100% of people writing a database know about filesystem options like DIRECT and SYNC, and that is the subject of this paper.

Also, most of the network-attached storage we people use is in the form of things like EBS, which is very careful to imitate the behavior of a real disk, but with different performance and some different (albeit very rare) failure modes.

kentonv · on July 3, 2023

100% of people writing databases also know how fsync() and msync() work. I interpreted this thread as being targeted at a wider audience.

crabbone · on July 5, 2023

It's literally for people writing their own database. Why would you interpret it differently?

tsimionescu · on July 3, 2023

It's fun to remember that fsync() on Linux on ext4 at least offers no real guarantee that the data was successfully written to disk. This happens when write errors from background buffered writes are handled internally by the kernel, and they cleanup the error situation (mark dirty pages clean etc). Since the kernel can't know if a later call to fsync() will ever happen, it can't just keep the error around. So, when the call does happen, it will not return any error code. I don't know for sure, but msync() may well have the same behavior.

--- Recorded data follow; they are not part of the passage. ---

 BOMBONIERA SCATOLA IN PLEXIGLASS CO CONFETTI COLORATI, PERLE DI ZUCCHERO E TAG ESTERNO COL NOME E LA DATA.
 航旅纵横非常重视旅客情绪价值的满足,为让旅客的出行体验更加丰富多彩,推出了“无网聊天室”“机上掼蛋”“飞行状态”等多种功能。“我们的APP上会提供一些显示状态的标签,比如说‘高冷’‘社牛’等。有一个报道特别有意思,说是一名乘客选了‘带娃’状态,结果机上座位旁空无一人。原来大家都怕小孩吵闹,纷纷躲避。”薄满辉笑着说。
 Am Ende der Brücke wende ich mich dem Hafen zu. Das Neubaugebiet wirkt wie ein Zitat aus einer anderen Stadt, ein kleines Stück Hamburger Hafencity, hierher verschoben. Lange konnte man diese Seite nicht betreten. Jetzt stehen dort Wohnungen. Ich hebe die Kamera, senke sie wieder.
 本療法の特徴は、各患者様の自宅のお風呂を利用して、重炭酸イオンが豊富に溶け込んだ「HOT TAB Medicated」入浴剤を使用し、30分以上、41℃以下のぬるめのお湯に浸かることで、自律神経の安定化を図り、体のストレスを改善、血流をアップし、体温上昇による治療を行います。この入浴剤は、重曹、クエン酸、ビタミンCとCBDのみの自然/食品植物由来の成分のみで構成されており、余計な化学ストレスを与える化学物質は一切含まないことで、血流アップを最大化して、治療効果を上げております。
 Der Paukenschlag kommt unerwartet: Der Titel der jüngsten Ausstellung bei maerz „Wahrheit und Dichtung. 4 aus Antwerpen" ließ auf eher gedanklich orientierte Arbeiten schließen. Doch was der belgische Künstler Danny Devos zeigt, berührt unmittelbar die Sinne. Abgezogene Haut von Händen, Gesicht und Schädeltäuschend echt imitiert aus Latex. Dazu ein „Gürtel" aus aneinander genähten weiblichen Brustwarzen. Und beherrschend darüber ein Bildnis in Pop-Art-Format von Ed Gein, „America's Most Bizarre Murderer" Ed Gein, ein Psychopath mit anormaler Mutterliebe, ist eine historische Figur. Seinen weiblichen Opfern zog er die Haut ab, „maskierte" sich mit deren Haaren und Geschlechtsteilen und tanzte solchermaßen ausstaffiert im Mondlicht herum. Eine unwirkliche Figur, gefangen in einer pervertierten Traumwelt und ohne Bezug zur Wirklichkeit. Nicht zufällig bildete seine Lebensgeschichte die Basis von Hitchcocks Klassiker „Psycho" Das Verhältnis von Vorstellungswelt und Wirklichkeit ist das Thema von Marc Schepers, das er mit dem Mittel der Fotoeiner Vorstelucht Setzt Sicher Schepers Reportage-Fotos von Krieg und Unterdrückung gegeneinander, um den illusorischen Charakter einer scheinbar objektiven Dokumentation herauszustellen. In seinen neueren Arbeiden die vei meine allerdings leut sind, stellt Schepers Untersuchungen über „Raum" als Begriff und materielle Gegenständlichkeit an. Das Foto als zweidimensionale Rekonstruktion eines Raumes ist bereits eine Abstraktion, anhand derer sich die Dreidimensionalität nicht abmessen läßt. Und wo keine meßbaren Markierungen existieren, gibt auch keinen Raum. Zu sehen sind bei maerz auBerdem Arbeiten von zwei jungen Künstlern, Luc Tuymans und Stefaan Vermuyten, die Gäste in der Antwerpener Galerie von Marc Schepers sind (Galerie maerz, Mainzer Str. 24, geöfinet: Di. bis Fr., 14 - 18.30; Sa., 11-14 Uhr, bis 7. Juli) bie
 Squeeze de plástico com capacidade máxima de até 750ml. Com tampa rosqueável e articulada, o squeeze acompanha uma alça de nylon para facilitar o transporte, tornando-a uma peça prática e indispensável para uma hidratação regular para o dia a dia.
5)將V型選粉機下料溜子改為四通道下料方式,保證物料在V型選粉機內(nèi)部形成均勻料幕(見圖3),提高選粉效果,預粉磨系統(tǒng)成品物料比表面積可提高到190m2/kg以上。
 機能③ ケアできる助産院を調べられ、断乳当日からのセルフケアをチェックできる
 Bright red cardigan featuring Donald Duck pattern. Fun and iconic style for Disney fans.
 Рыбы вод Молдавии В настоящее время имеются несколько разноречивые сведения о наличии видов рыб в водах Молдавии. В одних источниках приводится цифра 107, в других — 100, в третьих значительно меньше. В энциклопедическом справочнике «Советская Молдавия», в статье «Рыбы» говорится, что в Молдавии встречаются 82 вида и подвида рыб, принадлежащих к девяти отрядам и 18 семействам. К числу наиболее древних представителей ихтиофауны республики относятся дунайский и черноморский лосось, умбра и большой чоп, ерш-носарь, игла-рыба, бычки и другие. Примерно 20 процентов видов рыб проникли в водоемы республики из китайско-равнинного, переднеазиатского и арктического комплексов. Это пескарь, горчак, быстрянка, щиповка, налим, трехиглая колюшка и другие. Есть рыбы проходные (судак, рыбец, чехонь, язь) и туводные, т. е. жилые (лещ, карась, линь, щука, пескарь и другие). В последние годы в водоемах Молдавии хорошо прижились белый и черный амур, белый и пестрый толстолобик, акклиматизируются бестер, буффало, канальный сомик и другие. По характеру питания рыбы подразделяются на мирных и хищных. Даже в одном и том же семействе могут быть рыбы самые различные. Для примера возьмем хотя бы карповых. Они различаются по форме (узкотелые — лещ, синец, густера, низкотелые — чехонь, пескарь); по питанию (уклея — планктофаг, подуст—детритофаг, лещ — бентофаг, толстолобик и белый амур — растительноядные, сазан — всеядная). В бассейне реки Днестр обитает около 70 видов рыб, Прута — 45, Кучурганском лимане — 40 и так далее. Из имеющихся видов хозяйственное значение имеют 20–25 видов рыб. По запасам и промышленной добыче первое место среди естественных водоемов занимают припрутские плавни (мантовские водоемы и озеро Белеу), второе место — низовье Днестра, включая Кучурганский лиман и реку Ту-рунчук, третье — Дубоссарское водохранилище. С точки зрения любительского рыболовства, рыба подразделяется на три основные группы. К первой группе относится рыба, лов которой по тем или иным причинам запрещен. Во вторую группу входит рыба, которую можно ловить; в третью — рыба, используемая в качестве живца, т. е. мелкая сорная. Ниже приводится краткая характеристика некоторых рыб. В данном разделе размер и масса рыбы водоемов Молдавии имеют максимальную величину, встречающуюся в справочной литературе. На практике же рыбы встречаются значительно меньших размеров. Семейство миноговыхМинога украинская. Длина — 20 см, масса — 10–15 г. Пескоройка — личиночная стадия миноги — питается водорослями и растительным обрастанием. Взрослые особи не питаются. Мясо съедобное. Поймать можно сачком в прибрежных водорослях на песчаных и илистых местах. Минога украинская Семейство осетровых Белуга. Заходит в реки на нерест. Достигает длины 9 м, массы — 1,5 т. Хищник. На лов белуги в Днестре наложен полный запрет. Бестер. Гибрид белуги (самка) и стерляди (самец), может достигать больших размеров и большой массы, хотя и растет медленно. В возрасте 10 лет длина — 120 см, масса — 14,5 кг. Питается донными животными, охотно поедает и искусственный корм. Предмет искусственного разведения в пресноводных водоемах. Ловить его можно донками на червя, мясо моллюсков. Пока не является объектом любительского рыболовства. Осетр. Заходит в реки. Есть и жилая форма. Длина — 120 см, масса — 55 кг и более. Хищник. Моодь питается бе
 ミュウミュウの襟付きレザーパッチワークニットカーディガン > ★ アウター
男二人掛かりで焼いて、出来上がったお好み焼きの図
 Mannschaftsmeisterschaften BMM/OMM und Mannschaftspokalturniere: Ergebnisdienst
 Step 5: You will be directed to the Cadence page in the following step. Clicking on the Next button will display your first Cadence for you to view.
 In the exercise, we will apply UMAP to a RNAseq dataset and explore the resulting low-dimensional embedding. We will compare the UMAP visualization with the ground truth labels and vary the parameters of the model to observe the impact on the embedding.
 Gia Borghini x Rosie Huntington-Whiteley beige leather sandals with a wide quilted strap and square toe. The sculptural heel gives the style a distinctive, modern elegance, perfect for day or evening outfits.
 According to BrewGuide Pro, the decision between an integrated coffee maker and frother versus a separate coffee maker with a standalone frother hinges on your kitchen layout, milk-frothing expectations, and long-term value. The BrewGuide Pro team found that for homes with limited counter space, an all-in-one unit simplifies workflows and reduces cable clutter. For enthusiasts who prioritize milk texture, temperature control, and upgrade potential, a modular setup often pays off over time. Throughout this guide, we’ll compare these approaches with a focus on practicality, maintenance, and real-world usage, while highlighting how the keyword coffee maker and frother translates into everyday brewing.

Here is an LWN article discussing the whole problem as the Postgres team found out about it.

https://lwn.net/Articles/752063/

afr0ck · on July 2, 2023

Linux throws a SIGBUS. A process should anticipate such I/O failures by implementing a SIGBUS handler, especially a database server.

For the second part of your comment, on Linux systems, there is the msync() system call that can be used to flush the page cache on demand.

crabbone · on July 2, 2023

> msync() system call that can be used to flush the page cache on demand.

for everyone, not just the file you mapped to memory. I.e. the guarantee is that your file will be written, but there's no way to do that w/o affecting others. This is not such a hot idea in an environment where multiple threads / processes are doing I/O.

afr0ck · on July 3, 2023

msync() affects only the pages that part of the mmap area you ask for in the arguments. From the man pages:

> int msync(void addr[.length], size_t length, int flags);

> msync() flushes changes made to the in-core copy of a file that was mapped into memory using mmap(2) back to the filesystem

crabbone · on July 5, 2023

No it doesn't. That's physically impossible. Read what you quoted -- it never says that it's going to do it only for the file in question.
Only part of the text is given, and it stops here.